PAN M 360 : À l’écoute de Diorama, nous pouvons clairement voir une certaine évolution par rapport à votre premier projet. Ce qui est frappant, c’est l’ajout de différentes textures à l’écoute, notamment avec la présence de claviers et d’effets de modulation à la guitare, ce qui génère des sonorités tantôt rock psychédélique, tantôt country-rock en passant par un rock futuriste… Dans une autre entrevue, Daphnée avait confié ne pas être la plus grande fan des claviéristes dans un band… Qu’est-ce qui l’a fait changer d’avis? 

Guillaume Chiasson : Effectivement, je crois que Daphnée sortait d’une formation plus roots-blues et elle n’était pas toujours d’accord avec les éléments que nous souhaitions apporter, mais avec le temps, elle a vu que non seulement elle pouvait aller vers ces sons, mais aussi qu’elle s’y plaisait. Je crois que nous nous sommes tous.tes décomplexé.e.s avec ce nouvel album. C’est sûr que nous y entendons plus de synthés et de sons étranges que nous ne nous serions peut-être moins permis avant, mais il est certain que nous avons aimé explorer de nouveaux territoires. 

PAN M 360 : En ce qui a trait aux textes, vous avez choisi de continuer à chanter en français, mais je vous cite : « en français poilu, un peu comme Molière avec une barbe ». Que voulez-vous dire?

Guillaume Chiasson : C’est un clin d’œil au premier album où l’on chantait en québécois. Ce que je veux dire par là, c’est qu’on n’essayait pas de chanter dans un français international, nous écrivions comme nous parlions dans notre quotidien. Le français poilu, pour nous, ce n’est pas un français aseptisé, c’est le slang, c’est l’accent et c’est ça que nous voulons assumer. Et cela est toujours présent dans le deuxième album, mais ce n’est pas aussi central qu’avec le premier.  

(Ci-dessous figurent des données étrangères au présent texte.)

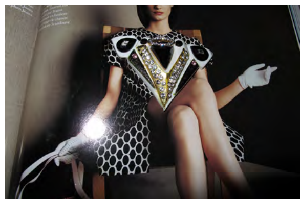
Not titled, photomontage, size variable, 2012 (from the exhibition Beyond Virtuality)

PAN M 360 : Selon le Larousse, un diorama est une peinture panoramique sur toile qui, présentée dans la noirceur, fait des jeux d’illusion avec la lumière et le mouvement. Pourquoi avoir intitulé ainsi ce deuxième projet? 

Guillaume Chiasson : Nous avions plutôt la définition d’un diorama comme étant une sorte de reconstitution, une maquette que l’on observe derrière une vitrine au musée. Étymologiquement, cela signifie « voir à travers ». Durant le confinement, nous avons écouté beaucoup de séries télévisées où l’on parlait de simulation, d’expérience scientifique reliée à la vie humaine. Cela nous a donné l’idée de ce diorama qui serait notre propre univers. Dans le contexte du confinement et de la création d’un album, ce concept allait à merveille avec ce qu’on voulait dire. 

PAN M 360 : À la sortie de votre premier album, on vous a qualifié de supergroupe! Comment recevez-vous ce titre? Êtes-vous d’accord? 
Guillaume Chiasson : Ce n’est pas un terme que nous affectionnons particulièrement et nous ne le crions pas fort, par peur d’avoir l’air péteux de broue… Je comprends ce que ça peut vouloir dire dans la mesure où nous avons tous.tes participé à nos propres projets, mais… après ça, nous ne dirons jamais ça de nous-mêmes! Nous laisserons les gens juger si nous sommes véritablement un supergroupe.